- **About this task**: Pictures excluded, reproduce exactly the lines below from the one with "Der Nachfolger soll" through the one with "2.1. ECE and", both included.

- **Available records**:
····················
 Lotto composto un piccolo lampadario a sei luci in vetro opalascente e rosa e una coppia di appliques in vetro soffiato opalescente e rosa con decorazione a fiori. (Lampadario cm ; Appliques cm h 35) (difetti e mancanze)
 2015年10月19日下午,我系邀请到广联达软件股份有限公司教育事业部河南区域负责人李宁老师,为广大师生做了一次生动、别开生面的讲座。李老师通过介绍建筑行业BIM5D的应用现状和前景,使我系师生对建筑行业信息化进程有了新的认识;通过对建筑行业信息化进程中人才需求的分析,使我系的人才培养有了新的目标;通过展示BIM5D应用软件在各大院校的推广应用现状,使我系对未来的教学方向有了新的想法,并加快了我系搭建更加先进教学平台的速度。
····················
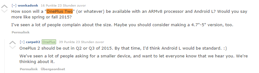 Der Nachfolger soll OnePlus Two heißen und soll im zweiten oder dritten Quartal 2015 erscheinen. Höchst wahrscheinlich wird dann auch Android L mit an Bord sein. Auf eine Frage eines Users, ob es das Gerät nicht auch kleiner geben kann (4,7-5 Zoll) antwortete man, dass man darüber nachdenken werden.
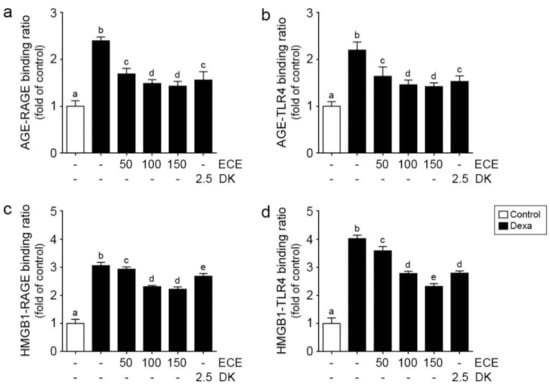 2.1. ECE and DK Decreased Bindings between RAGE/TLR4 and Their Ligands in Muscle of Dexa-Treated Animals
····················
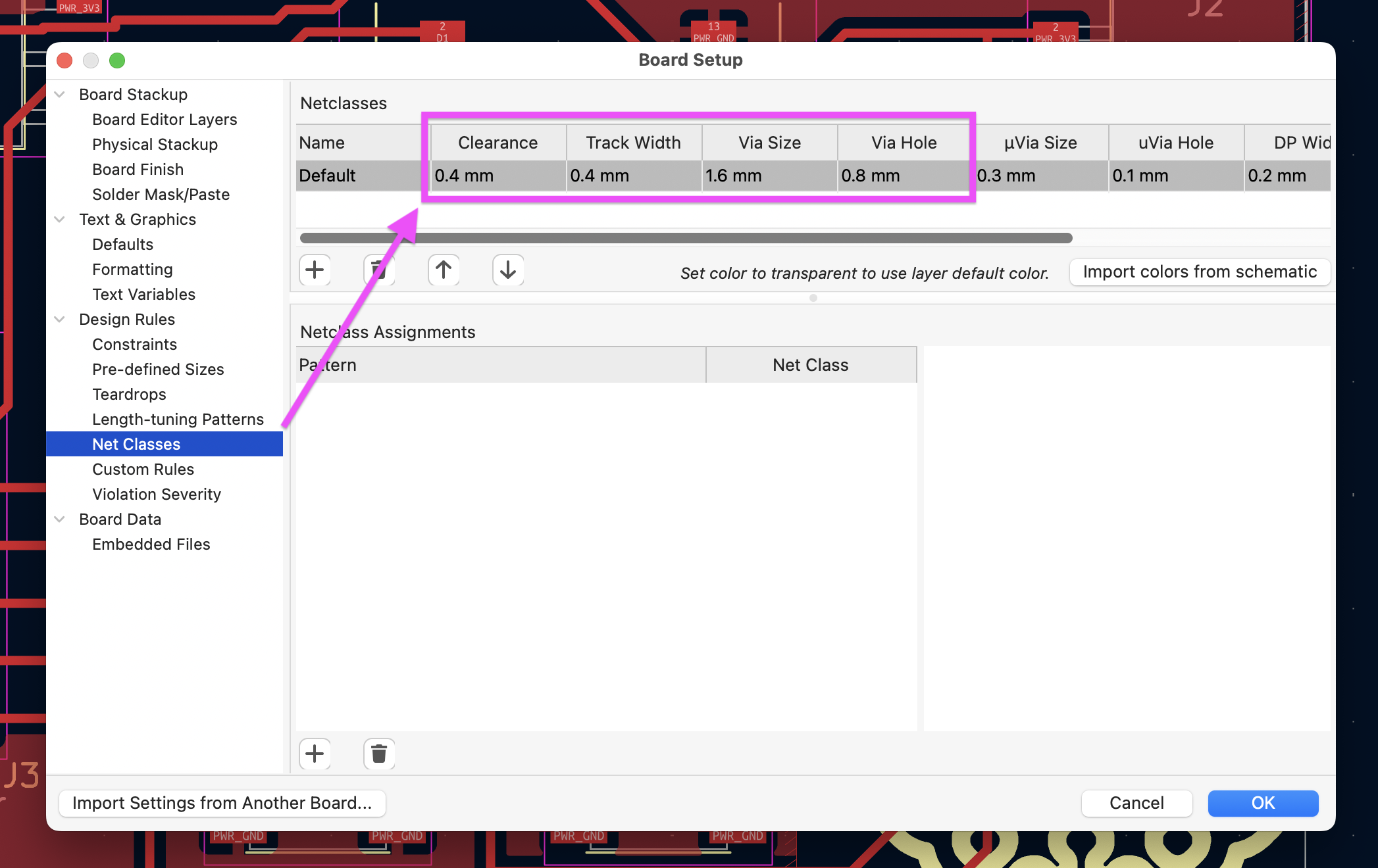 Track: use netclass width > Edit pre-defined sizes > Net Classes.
····················
- **Task solution**:
 Der Nachfolger soll OnePlus Two heißen und soll im zweiten oder dritten Quartal 2015 erscheinen. Höchst wahrscheinlich wird dann auch Android L mit an Bord sein. Auf eine Frage eines Users, ob es das Gerät nicht auch kleiner geben kann (4,7-5 Zoll) antwortete man, dass man darüber nachdenken werden.
 2.1. ECE and DK Decreased Bindings between RAGE/TLR4 and Their Ligands in Muscle of Dexa-Treated Animals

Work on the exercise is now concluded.